霊枢・大惑論第八十⑤
【原文】黄帝曰:人之善忘者、何気使然①?岐伯曰:上気不足、下気有余、腸胃実而心肺虚、虚則営衛留於下、久之不以時上、故善忘也②。
黄帝曰:人之善飢而不嗜食者、何気使然③?岐伯曰:精気并於脾、熱気留於胃、胃熱則消穀、穀消故善飢④。胃気逆上、則胃脘寒、故不嗜食也⑤。
【注釈】①人之善忘者、何気使然?:ある人はよく健忘する、原因は何?
②上気不足、下気有余、腸胃実而心肺虚、虚則営衛留於下、久之不以時上、故善忘也:人体上部の気が不足して下部の気があまるからです。つまり、腸胃の気が「実」で心肺の気が「虚」になり、心肺気虚ですと、営衛の気が下部に留り、長くなると時間通りに上行できなくなり、健忘が発生する。『類経・疾病類・八十一』は次のように説明しています:「上気不足」に対して「下気有余」といい、下部に本当の「実」ではない。上部の心肺が虚し、営衛が下部に留り、神気が身体を回らないから、善忘がする。これは上部に陽気衰弱を兆しである。
③人之善飢而不嗜食者、何気使然:ある人はよく飢えるが食べたがらない、原因は何?
④精気并於脾、熱気留於胃、胃熱則消穀、穀消故善飢:精気が脾に留ると、熱気が胃に蘊着する。胃熱が甚だし過ぎると、水穀を消化し易くなる。水穀が速く消化されるとよく飢えを感じる。「精気并於脾、熱気留於胃」についての解釈も幾つがありますが、『霊枢集注・巻九』の解釈は次です:「脾は胃の津液を運化する、精気が脾に留ると脾が実になり、胃の転送機能を助けられなくなるから、熱気が胃に留り、消穀で善飢する」。これに従います。

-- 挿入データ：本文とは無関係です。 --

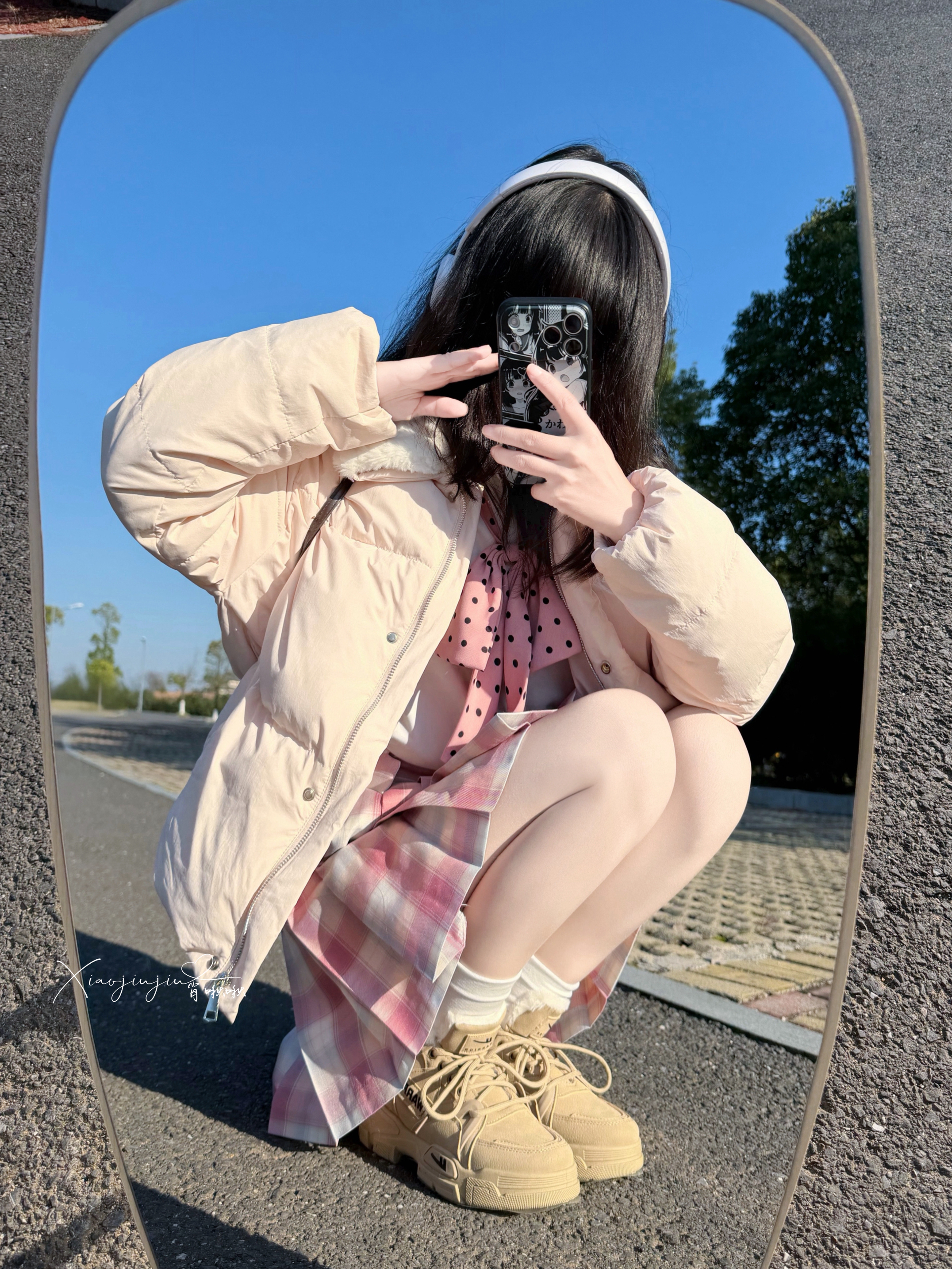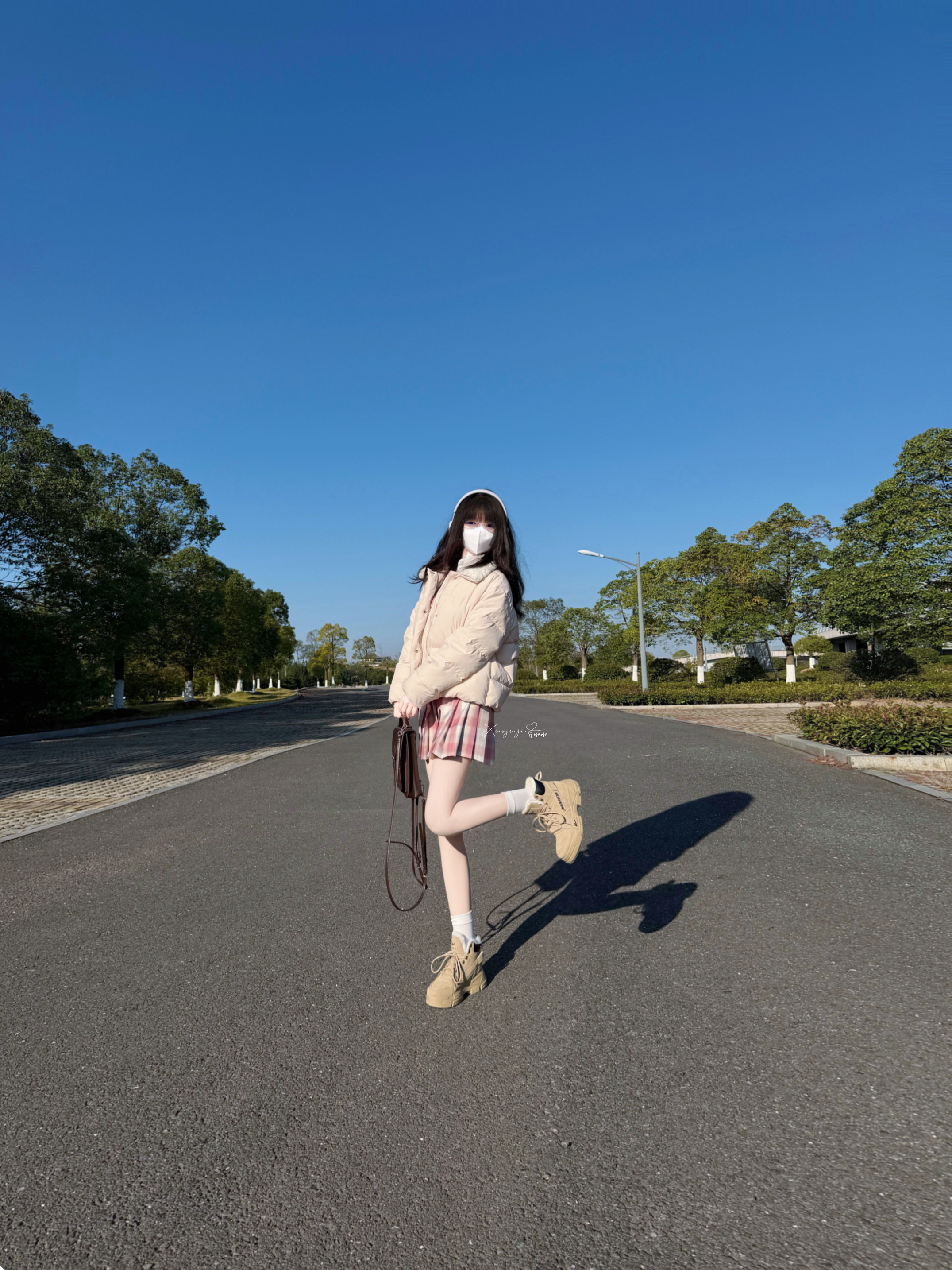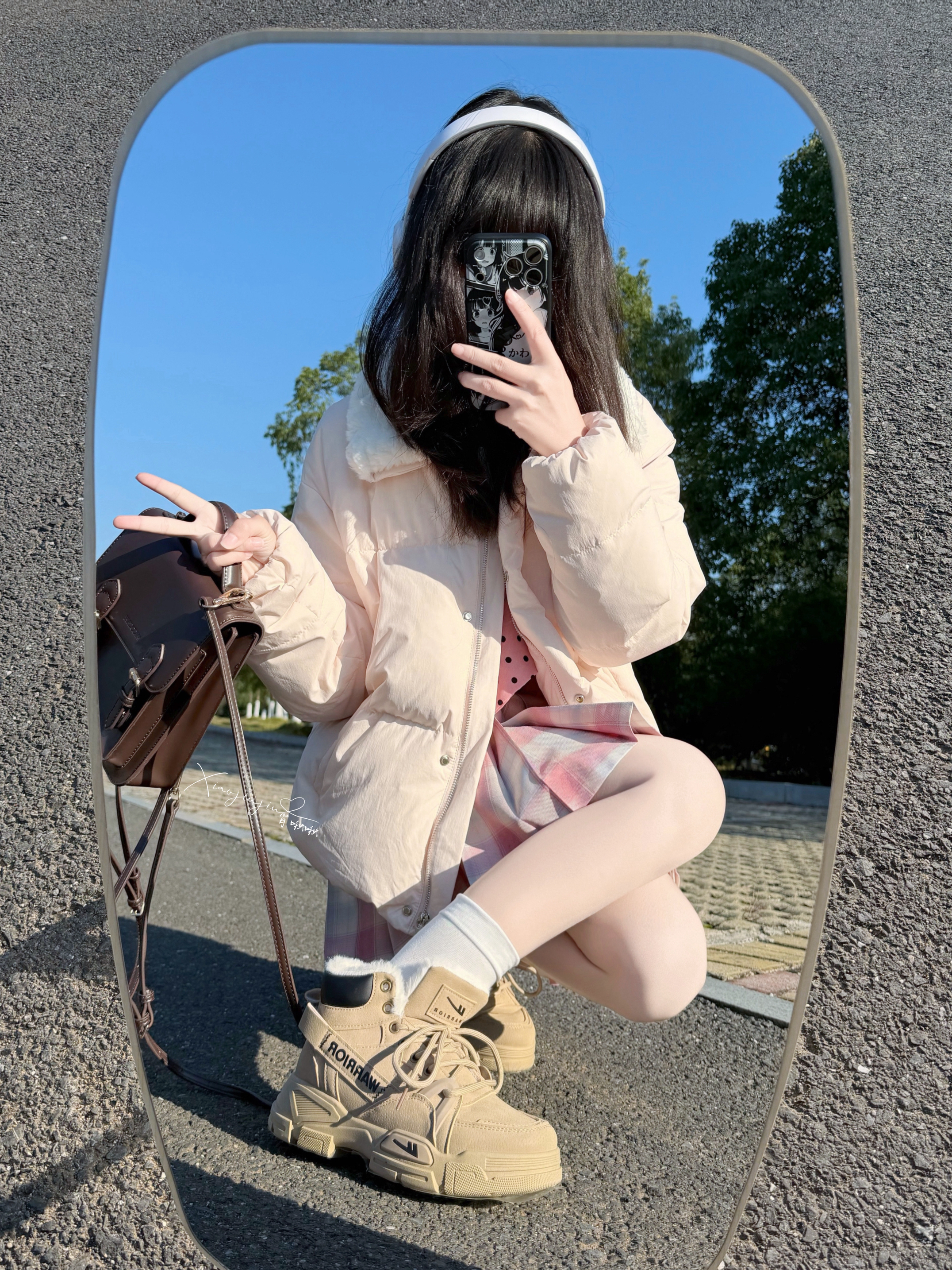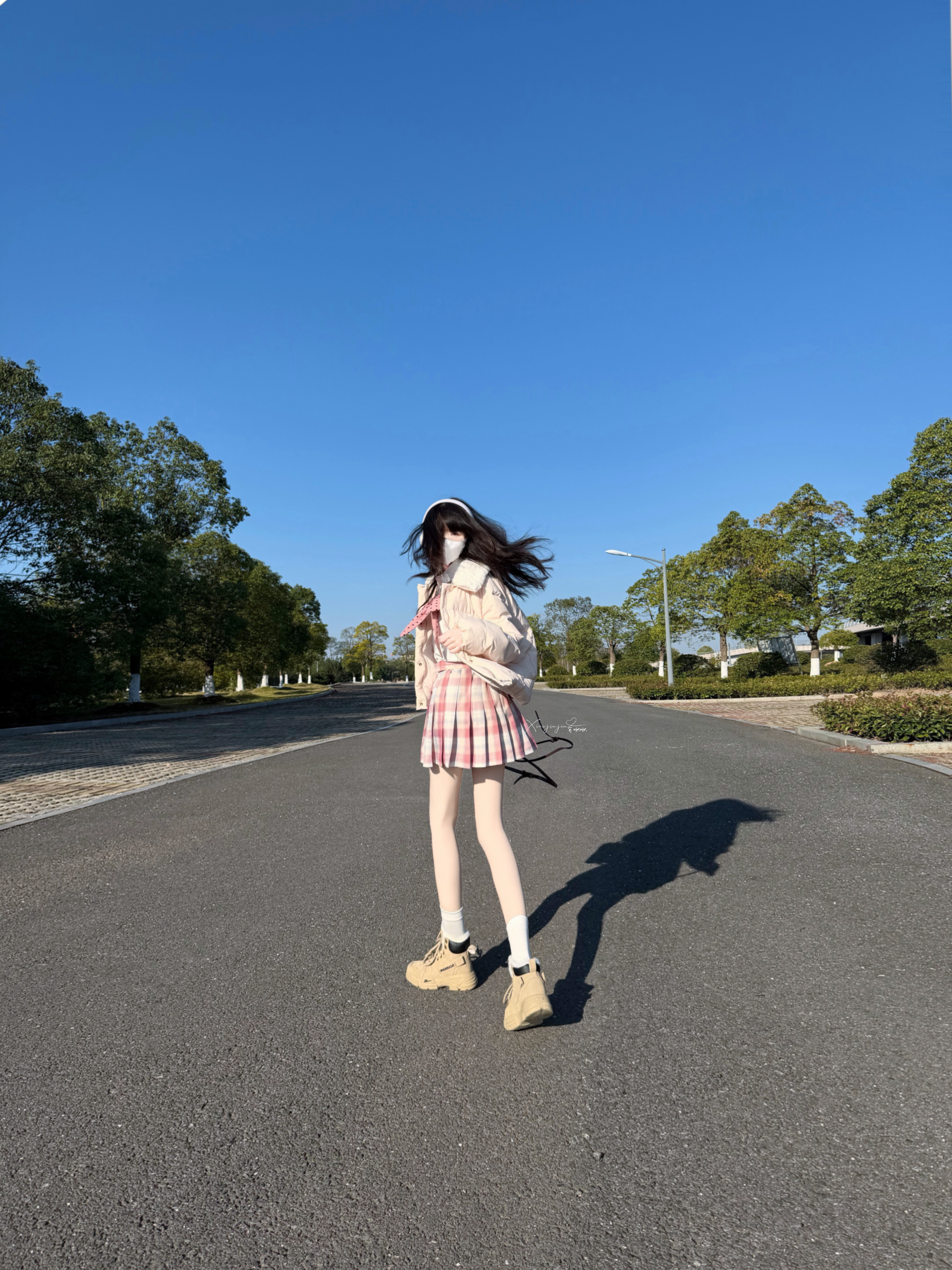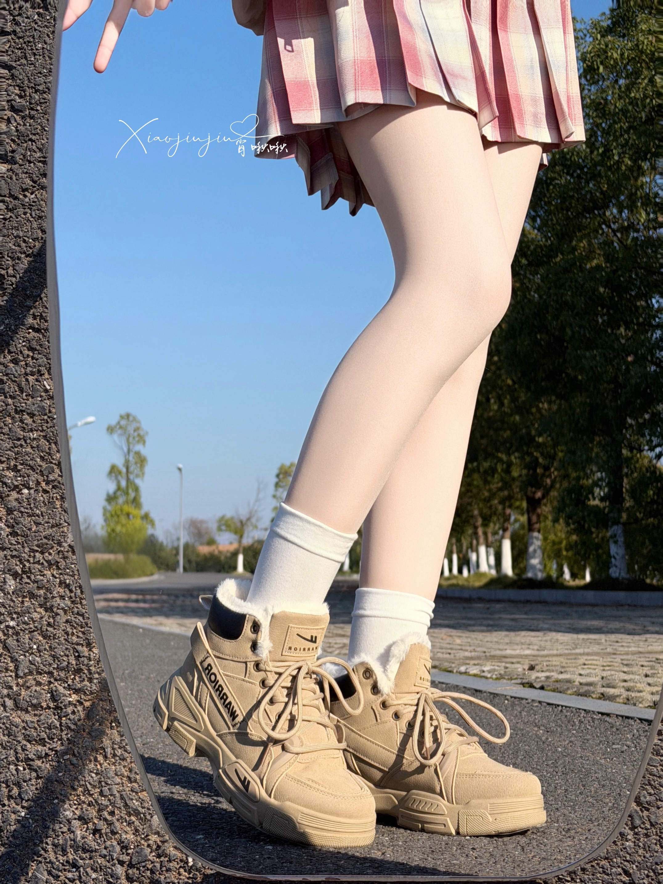 今天好冷呀 啾啾今天准备出门慢跑🏃♀️ 搭配了卡其毛绒靴和粉色格子裙👗 是青春活力女生👧 鞋子里头带绒毛,穿起来柔软 跑了一下身体发热 去上课啦拜拜

⑤胃気逆上、則胃脘寒、故不嗜食也:胃気が逆上すると、胃脘部が塞がられ、不通になるから、食べたがらない。「胃脘寒」について二つの解釈があります。その一は『類経・疾病類・八十一』に「胃気逆上で運行できず、即ち其の寒である。脾胃熱だが胃脘が寒だから、飢えるが食べたがらない」との記載がありました。その二は、『甲乙経・巻十二・第一』に「寒」は「塞」の誤字だと記載しています。胃気上逆で和降できず、胃が塞がっていて受納ができなくなるから、食べたがらない。『甲乙経』の解釈に従います。
【説明】
本節に説明したことは二つあり:1、営衛の気が中焦に停滞し正常に輸布されなく、上焦の心肺の気虚を引き起こし、心肺気虚で神気が周身に回らなくなる、故に善忘する。心肺気虚の原因の一つは腸胃気滞である。故に臨床では、不眠や健忘、思惟の混乱で迷惑に近いものを治療の際、中焦の気滞を解除するのも有効な方法になります。
2、胃に熱があると、消穀善飢するが、気逆で和降できなくなるため食欲がないという論述は臨床的指導意義があります。消穀善飢の症状がある場合、胃熱の範囲に属し、清瀉胃熱が治法である。しかし、薬を使う時、寒涼類のものを使い過ぎないとうに慎重に選ぶべきです。胃気が損傷されたら、食欲がなくなるからです。